Mais de três em cada cinco vítimas contaram ter sofrido violência e assédio no trabalho, várias vezes e, para a maioria, o incidente mais recente ocorreu nos últimos cinco anos.

A diretora-geral adjunta de Governança, Direitos e Diálogo da OIT, Manuela Tomei, destaca que “a violência psicológica e o assédio são prevalentes em todos os países e as mulheres estão particularmente expostas à violência e assédio sexual”. Para ela, o relatório ressalta a enorme tarefa de acabar com a violência e o assédio no mundo do trabalho.

Convenção exige medidas dos governos para proteger os trabalhadores da violência e do assédio, especialmente às mulheres.
OIT/ © Crozet / Pouteau
Convenção exige medidas dos governos para proteger os trabalhadores da violência e do assédio, especialmente às mulheres.

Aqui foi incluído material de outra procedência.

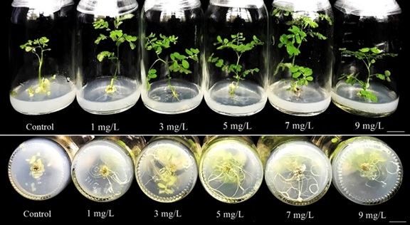 Nghiên cứu có tên: "Nghiên cứu ảnh hưởng của một số hạt nano kim loại lên sự phát sinh hình thái, sinh trưởng - phát triển, sinh lý - sinh hóa và tích lũy hợp chất thứ cấp của một số cây trồng có giá trị kinh tế nuôi cấy in vitro".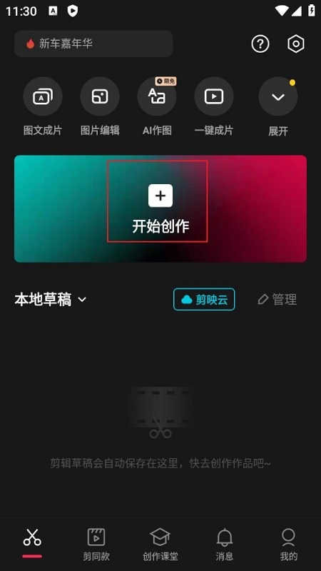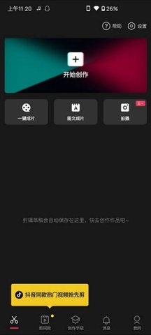 1.打开剪映应用,点击“开始创作”

Normas para diminuir a incidência do problema

A representante disse esperar que mais ações sejam tomadas para ratificar e implementar a Convenção 190 da OIT. O documento, junto com a Recomendação 206 são as primeiras normas internacionais de trabalho que fornecem uma estrutura comum para prevenir, remediar e eliminar a violência e o assédio no mundo do trabalho, incluindo gênero violência e assédio.

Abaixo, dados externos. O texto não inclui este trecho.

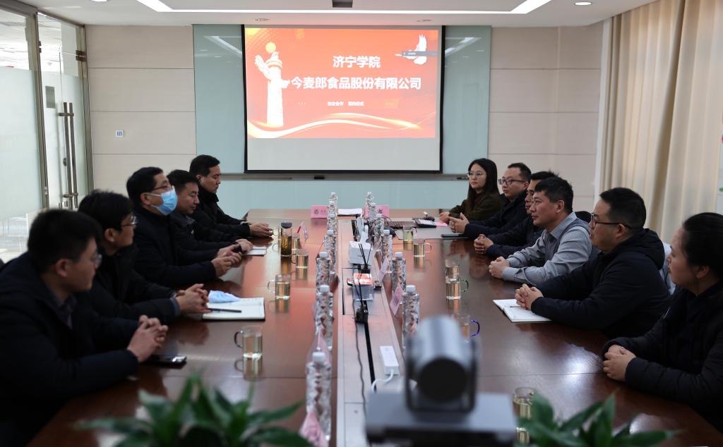 12月25日上午,亚星在线登录官网与今麦郎面品(兖州)有限公司举行校企合作签约揭牌仪式。学校合作发展办公室主任夏可树、今麦郎面品营销山东大区营销总监游学兵 、今麦郎面品(兖州)有限公司总经理白林峰出席签约揭牌仪式。学校合作发展办公室、学生工作处、儒商学院、生命科学与工程学院相关负责人及今麦郎面品(兖州)有限公司相关部门负责人参加活动。仪式由今麦郎面品营销山东大区中级政委全丽主持。

A Convenção inclui o reconhecimento específico, pela primeira vez no direito internacional, do direito de todos a um mundo de trabalho livre de violência e assédio, e estabelece a obrigação de respeitar, promover e concretizar isso.

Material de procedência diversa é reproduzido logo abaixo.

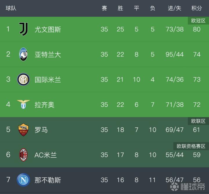 35轮过后,拉齐奥积72分位居第四,领先身后的同城死敌罗马11分,在联赛仅剩最后3轮的情况下,提前锁定联赛第四的位置,获得下赛季欧冠席位。

O sócio da Gallup, Andrew Rzepa, afirma que “por muito tempo, empresas e organizações não souberam ou não quiseram lidar com a violência e o assédio no local de trabalho”. Segundo ele, estes dados fornecem uma linha de base que pode ser usado para rastrear o progresso necessário.

Já a diretora de Evidências e Insights da Lloyd's Register Foundation, Sarah Cumber lembra que “para enfrentar desafios globais de segurança tão difíceis e enraizados como a violência e o assédio no trabalho, é fundamental ter bons dados para entender a extensão do problema e identificar aqueles que correm maior risco.

As recomendações do relatório:

  • Coleta regular de dados sólidos sobre violência e assédio no trabalho, nos níveis nacional, regional e global, para informar leis e mecanismos de prevenção e remediação, políticas e programas, além de pesquisa e defesa.
  • Ampliar e atualizar os mecanismos para prevenir e gerir de forma eficaz a violência e o assédio no mundo do trabalho, através de sistemas de inspeção e políticas e programas de segurança e saúde nesses ambientes.
  • Aumentar a conscientização para a violência e o assédio no trabalho, nas suas diferentes manifestações, com uma visão sobre mudança de percepções, estigmas, atitudes e comportamentos que podem perpetuar a violência e o assédio, como os baseados na discriminação.
  • Melhorar a capacidade das instituições em todos os níveis para fornecer prevenção, remediação e apoio eficazes, para construir a confiança das pessoas na justiça e garantir que as vítimas sejam apoiadas.

 

O estudo foi baseado em entrevistas realizadas em 2021 com quase 75 mil indivíduos empregados com 15 anos ou mais em 121 países e territórios.